American actor (1925–2017)

Tony Russel (born Antonio Pietro Russo, and sometimes credited as Tony Russo or Tony Russell; November 23, 1925 – March 18, 2017) was an American actor. He was noted for having worked extensively in the Italian film industry in the mid-1960s, and for his work as a voice actor where he was the founder and president of the English Language Dubbers Association (ELDA) in Italy. He was one of several American actors who turned down the lead of A Fistful of Dollars.

==Biography==
Born in Kenosha, Wisconsin, from Italian immigrants, Russel served in the United States Army Air Forces during World War II. He then studied at University of Wisconsin-Madison.

Russel founded the English Languages Dubbers Association of Rome (ELDA) in 1954, providing dubbing services for films and becoming the leading English dubbing group in Europe. He was responsible for uniting all of the rival organizations operating in the city, and served as president until 1966, when he was succeeded by Roger Browne.

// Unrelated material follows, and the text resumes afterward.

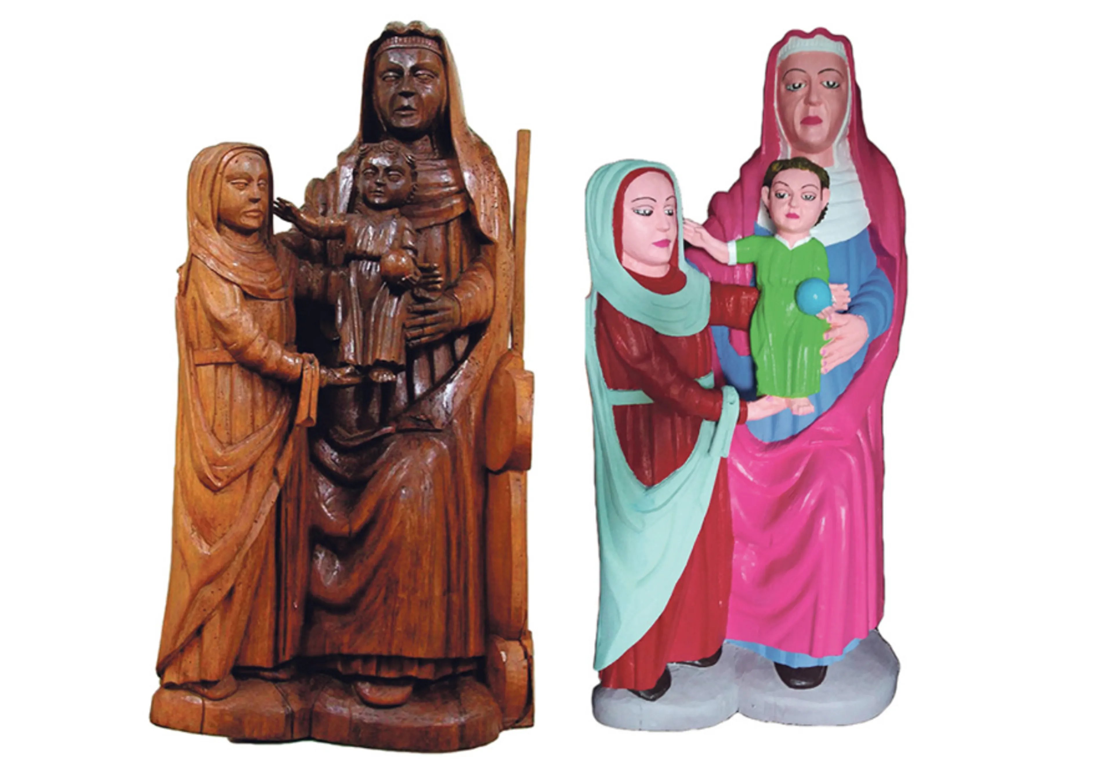 María Luisa Menéndez uit Spanje kreeg van een lokale priester toestemming om een 15de-eeuwse houten beeld een opknapbeurt te geven. Tegen de regionale krant vertelde ze dat ze kleuren koos die ze zelf goed vond passen: Jezus felgroen en Maria knalroze. Bekijk hieronder het resultaat:
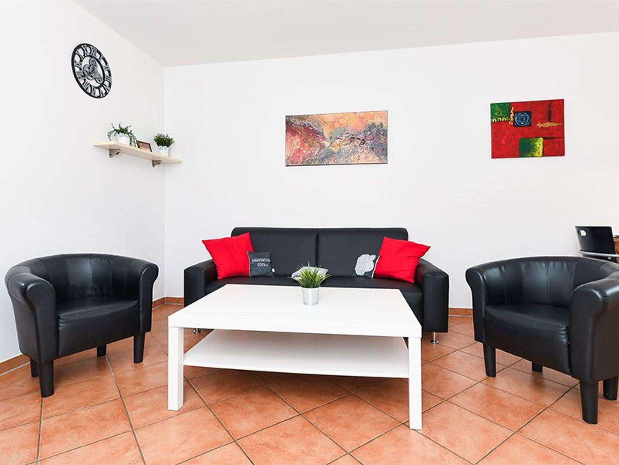 Größe ca. 60 Quadratmeter, Wohnzimmer mit integrierter Küche, Schlafzimmer, zweites separates Schlafzimmer/Kinderzimmer, Badezimmer mit Dusche, Waschtisch und WC, Erdgeschoss, Terrasse, optimal für 2 bis 5 Personen und zusätzlich ein Kleinkind.

After making Burt Topper's War is Hell (1963), he went to Italy first appearing in the title role of La leggenda di Fra Diavolo. He then appeared in several sword and sandal and Eurospy films, including Secret of the Sphinx (1964) and Gladiators Seven (1964). Russel played Zorro in Behind the Mask of Zorro (1965); he had originally tested for the role of Walt Disney's Zorro but lost out to Guy Williams. Among Russel's starring roles are parts in the sci-fi epics Wild, Wild Planet (1965) and its sequel, War of the Planets filmed concurrently.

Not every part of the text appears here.